Love Is Not Self-Seeking

Have you seen the videos of wives talking about what they don’t do for their husbands? They don’t do his laundry, make him lunches for work, etcetera etcetera. The old me, the one that was in an abusive relationship and being treated like a servant, would have agreed with these women in not doing much for their husbands. The new me, the one in a committed and loving relationship, disagrees with them whole-heartedly.

My husband works his butt off, full time at his job. He used to come home from a full day of work and do all of the housework, because I wanted to live selfishly. I felt the world owed me, and I deserved to be selfish. He never complained, but my conscience sure did. I was telling this man that I loved him, while not lifting a finger to help him. Finally, I woke up, and I started helping. I do his laundry, not because he’s incapable, but because I love him and it’s such a small way to show him. I make him lunches, and I get up with him at the butt crack of dawn and keep him company while he gets ready for work. I clean the bathrooms, and take care of the household. I do things that I do not enjoy, because it isn’t about me. It’s about him, it’s about showing someone you love them by selfless acts. I wouldn’t change a thing.

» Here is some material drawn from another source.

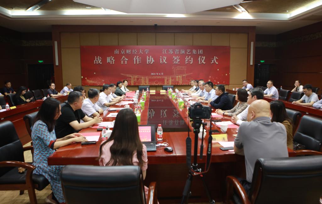 随后,柯军总经理和程永波校长代表双方在《南京财经大学、江苏省演艺集团战略合作协议》上签字,与会领导一同见证协议签字并合影留念。

There is so much fulfillment to be had in doing things you don’t like for someone that you love. I even get fulfillment in doing things I don’t like or want to do, for people I don’t even know. Because I’m doing them for God. Because maybe they need to be shown a little love. By doing selfless acts, we show others kindness, we show them Gods love. We offer hope in a seemingly hopeless world. We brighten up their gloomy day. By doing selfless things for others, we experience growth, we gain a bit of wisdom, and we become better people.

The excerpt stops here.